Kawasaki Rena : les espoirs de la première Japonaise lauréate du Prix international pour la paix des enfants

Société Éducation

En novembre 2022, la jeune Kawasaki Rena est au centre de l’attention médiatique en se voyant décerner le Prix international de la paix des enfants. Elle devient par la même occasion la toute première personne de nationalité japonaise à être honorée de cette récompense, établie chaque année depuis 2005. Sur la liste des anciens lauréats figurent la prix Nobel de la paix Malala Yousafzai ou la militante écologiste Greta Thunberg. Rena est actuellement impliquée dans plusieurs projets et regrette que le Japon semble si peu ouvert au changement. Du haut de ses 17 ans, que pense-t-elle de la jeunesse japonaise d’aujourd’hui ?

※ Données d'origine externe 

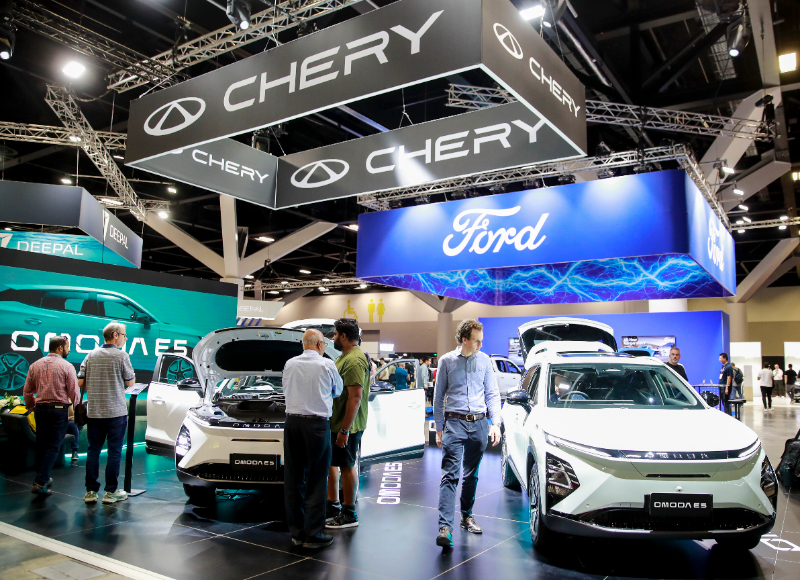 (資料圖)11月8日,在澳大利亞悉尼國(guó)際會(huì)議中心,觀眾在奇瑞汽車展臺(tái)參觀。新華社記者 馬平 攝
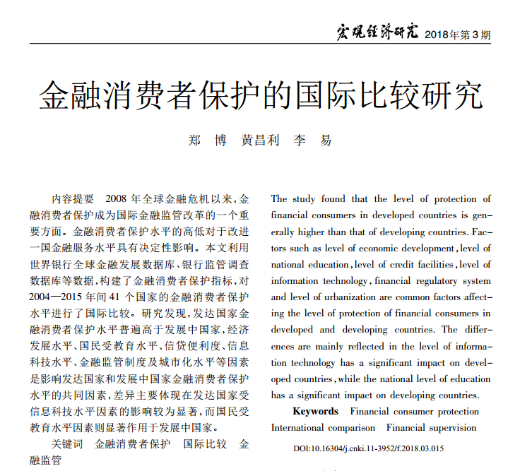 2008年全球金融危机以来,金融消费者保护成为国际金融监管改革的一个重要方面。金融消费者保护水平的高低对于改进一国金融服务水平具有决定性影响。本文利用世界银行全球金融发展数据库、银行监管调查数据库等数据,构建了金融消费者保护指标,对2004—2015年间41个国家的金融消费者保护水平进行了国际比较。研究发现,发达国家金融消费者保护水平普遍高于发展中国家,经济发展水平、国民受教育水平、信贷便利度、信息科技水平、金融监管制度及城市化水平等因素是影响发达国家和发展中国家金融消费者保护水平的共同因素,差异主要体现在发达国家受信息科技水平因素的影响较为显著,而国民受教育水平因素则显著作用于发展中国家。
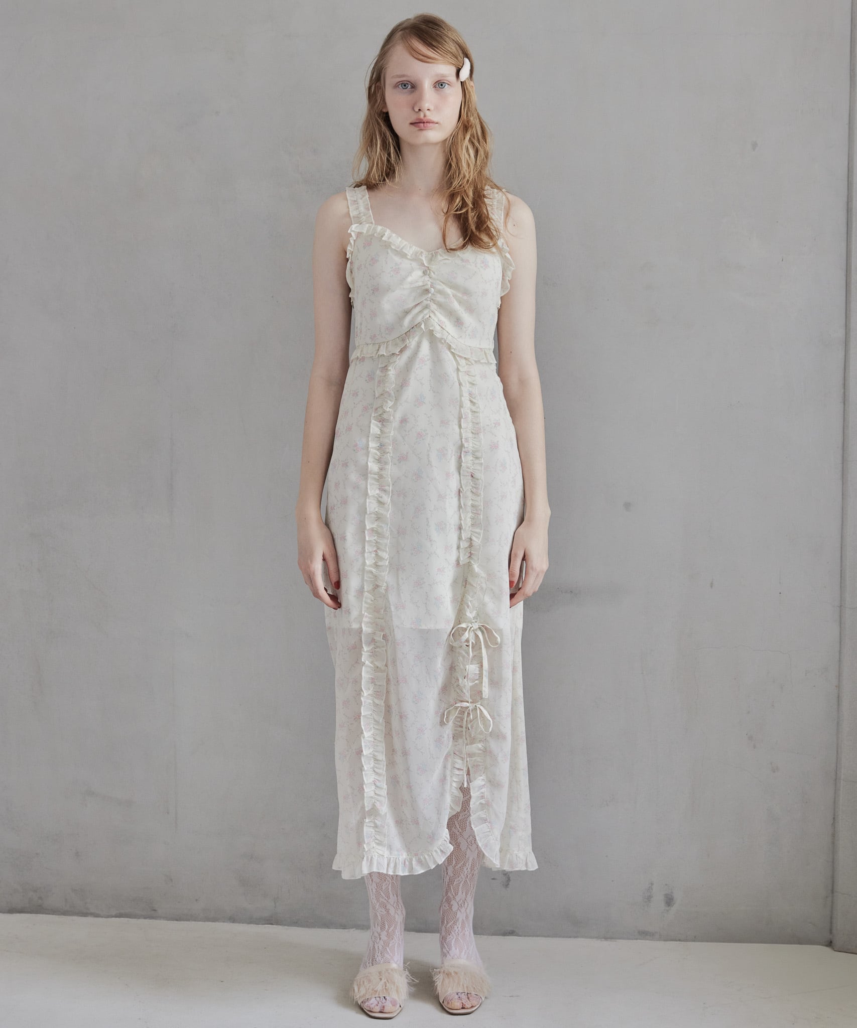 Frill slit cami dress【white】125054
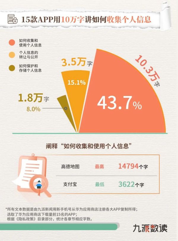在“如何收集和使用个人信息”的问题上,15款APP总共写下了10万字的相关说明,占《隐私政策》整体的43%。

Kawasaki Rena KAWASAKI Rena

Née à Osaka en 2005, elle est en dernière année de lycée à l’école internationale d’Osaka, Kwansei Gakuin. L’adolescente commence à mener des actions pour l’éducation et les droits de l’homme quand elle réalise qu’il y a des enfants qui, pour des raisons politiques, ne peuvent pas recevoir d’éducation. En 2020, alors âgée de 14 ans, elle fonde « Earth Guardians Japan », l’antenne japonaise d’une ONG internationale. De novembre 2020 à juin 2022, elle travaille à Euglena Co. Ltd, une entreprise japonaise spécialisée dans les biotechnologies et l’environnement, dont elle est la deuxième CFO (Chief Future Officer) en charge des questions d’avenir. Puis en novembre 2022, la Fondation KidsRights, une organisation de défense des droits de l’enfant basée aux Pays-Bas, la sélectionne parmi plus de 175 candidats venus de 46 pays pour recevoir le Prix international de la paix pour les enfants.

Privilégiée, elle prend conscience des « inégalités »

Rena Kawasaki est scolarisée dans une école internationale depuis la maternelle. Ses parents souhaitaient en effet que leur fille soit capable de s’expliquer clairement en anglais. « Mon père et ma mère avaient effectué des séjours aux États-Unis, tous deux avaient souffert de ne pas réussir à se faire comprendre à cause de leur mauvaise maîtrise de cette langue. »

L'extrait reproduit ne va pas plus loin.